As a purist, I would recommend PostgreSQL, which is the closest distribution to fully ANSI-complaint. Unfortunately the industry does not run on purists unless coding in Ruby on Rails (RoR) . The most common RoR installation is on the Heroku platform, which offers PostgreSQL as its default database. In any case, it is not heavily used as giants like Oracle or SQL Server (Microsoft) and this might make it more secure than the latter two – fewer hackers trying to break PostgreSQL or its security. Maybe this is a good reason to be open source as anyone can fix a bug before it gets maliciously exploited.
As a nostalgist, I would recommend Oracle, which is the system that I learned with. Unfortunately Oracle has somewhat of a bad reputation in the industry after taking over Sun. Some developers opted to quit rather than joining Oracle. The OpenOffice development group formed LibreOffice, while MySQL development group formed MariaDB. Oracle is proprietary (closed) source.
As a practicalist, I would recommend MariaDB and not MySQL to stay away from whatever toxic environment that has made many programmers leave Oracle. As a drop-in replacement of MySQL, MariaDB has taken over what had been the MySQL place in the LAMP (from Linux, Apache, MySQL/MariaDB, Perl/PHP/Python to Linux, Apache, MariaDB, Perl/PHP/Python) web stack maintaining the full open source mantra.
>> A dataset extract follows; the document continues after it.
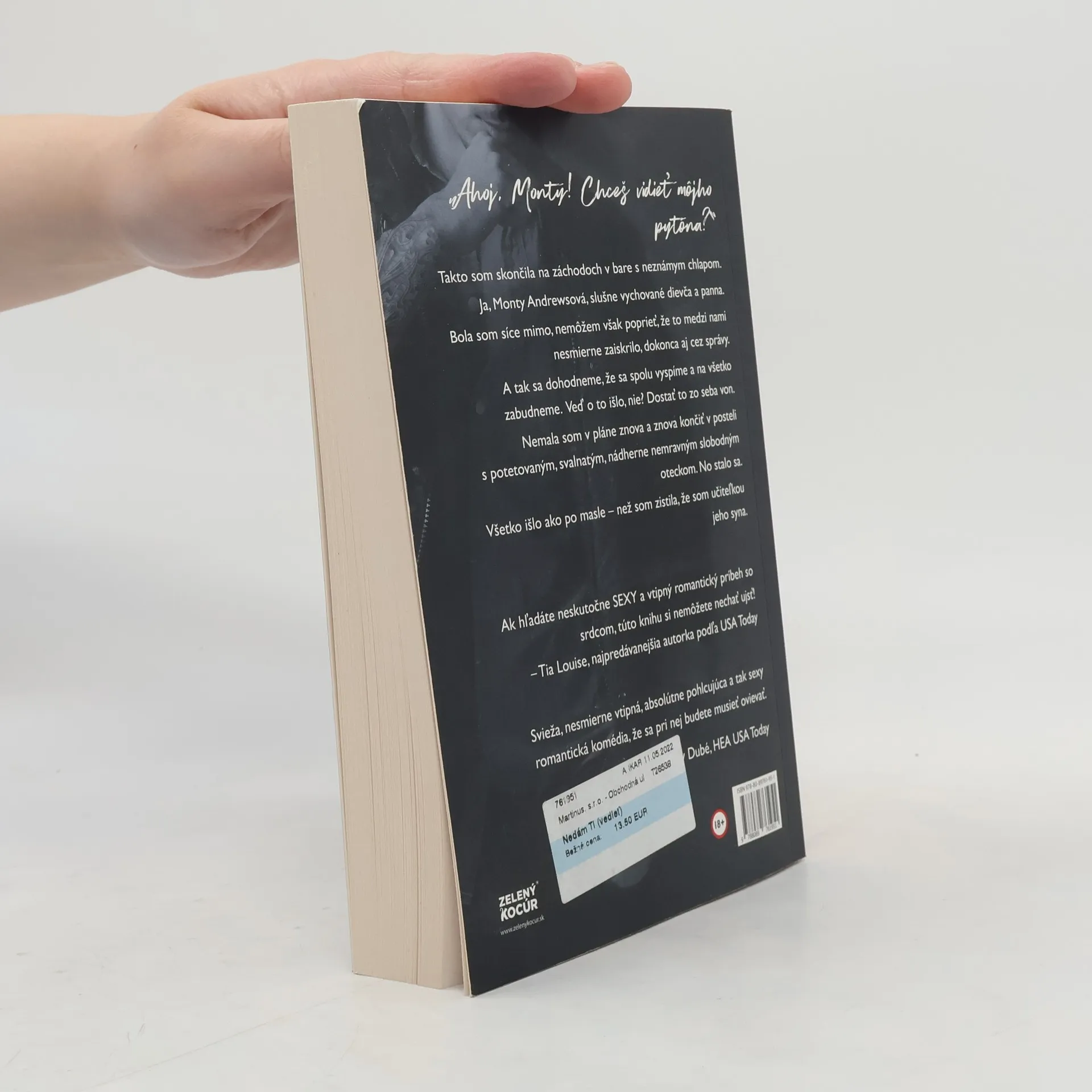Jedna noc s jeho pytónom mi nestačila... „Ahoj, Monty! Chceš vidieť môjho pytóna?“ Takto som skončila na záchodoch v bare s neznámym chlapom. Ja, Monty Andrewsová, slušne vychované dievča a panna. Bola som síce mimo, nemôžem však poprieť, že to medzi nami nesmierne zaiskrilo, dokonca aj cez správy. A tak sa dohodneme, že sa spolu vyspíme a na všetko zabudneme. Veď o to išlo, nie? Dostať to zo seba von. Nemala som v pláne znova a znova končiť v posteli s potetovaným, svalnatým, nádherne nemravným slobodným oteckom. No stalo sa. Všetko išlo ako po masle – než som zistila, že som učiteľka jeho syna.

Note that the web stack could also be referred to as WAMP when running on a Windows server.
LAMP is an Open Source Web development platform that uses Linux as the operating system, Apache as the Web server, MySQL as the relational database management system and PHP as the object-oriented scripting language. (Sometimes Perl or Python is used instead of PHP.)
https://www.techtarget.com/whatis/definition/LAMP-Linux-Apache-MySQL-PHP
As a realist, rather than teaching MariaDB, I would teach MySQL as it has a much stronger market share and more students might be interested in MySQL rather than its fork. In other words, new comers to the industry might have heard of MySQL, but not MariaDB. MySQL has a combination of open source (full open source for the Community Edition, which I am set to teach next) and proprietary (closed) sources.
As a minimalist, I would recommend SQLite (actually sqlite3) – no server, just data. SQLite is used in many systems including web browsers and mobile telephones. The only drawback is the lack of robust security or user authentication, but it is fully open source so its users clean up bugs right away.